The YOLOv8 architecture comprises three primary components: the backbone, the neck, and the detection head, with five variants (YOLOv8n, YOLOv8s, YOLOv8m, YOLOv8l, and YOLOv8x) differing in channel width, depth, and maximum channel capacity. The backbone utilizes a Cross Stage Partial Darknet (CSPdarknet) structure, incorporating the C2f module to enhance gradient flow, and employs a Spatial Pyramid Pooling Fast (SPPF) module to standardize feature map dimensions across varying output sizes. Detection is performed at three scales (80 × 80, 40 × 40, and 20 × 20) through multiple convolutional operations.

The neck of the network is designed with a PAN-FPN structure, facilitating effective multi-scale information fusion via both top-down and bottom-up pathways. The detection head features a decoupled architecture, with separate branches for target classification and bounding box regression, utilizing Binary Cross Entropy (BCE) loss for classification and Distribution Focal Loss (DFL Loss) along with Complete IOU Loss (CIOU Loss) for regression tasks.
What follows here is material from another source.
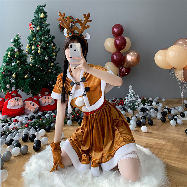 レディース トナカイ コスプレ サンタ クリスマス5点セット コスチューム 衣装ワンピース コスチューム 衣装 仮装文化祭 学園祭 新作

To enhance the detection of small and multi-scale objects in remote sensing imagery, the study introduces an optimized model, SMA-YOLO, based on YOLOv8n, specifically tailored for this application.

Discussion

In the discussion section, the paper highlights advancements in attention mechanisms and feature fusion strategies that enhance object detection performance, particularly for small objects in complex environments. Attention mechanisms, such as the Squeeze and Excitation (SE) and Coordinate Attention (CA) modules, improve feature representation by dynamically adjusting channel characteristics and incorporating spatial information. The integration of these modules into models like CSPNet has shown significant improvements in detection accuracy while maintaining computational efficiency. Additionally, the paper discusses the importance of multi-scale feature extraction through networks like Feature Pyramid Networks (FPN) and their variants, which effectively combine high-level semantic information with low-level spatial details to enhance object recognition.

The introduction of the Non-Semantic Sparse Attention (NSSA) mechanism allows for a more focused extraction of non-semantic features, improving the model’s sensitivity to small objects. The proposed Bidirectional Multi-Branch Auxiliary Feature Pyramid Network (BIMA-FPN) further optimizes feature fusion, addressing issues related to information loss during upsampling and downsampling processes. The paper also details the development of the Channel-Space Feature Fusion Adaptive Head (CSFA-Head), which dynamically learns fusion weights for multi-scale features, enhancing the model’s scale invariance and overall detection capability. Experimental results demonstrate that these enhancements lead to substantial improvements in mean Average Precision (mAP) and detection accuracy for small objects, validating the effectiveness of the proposed methods in UAV object detection tasks.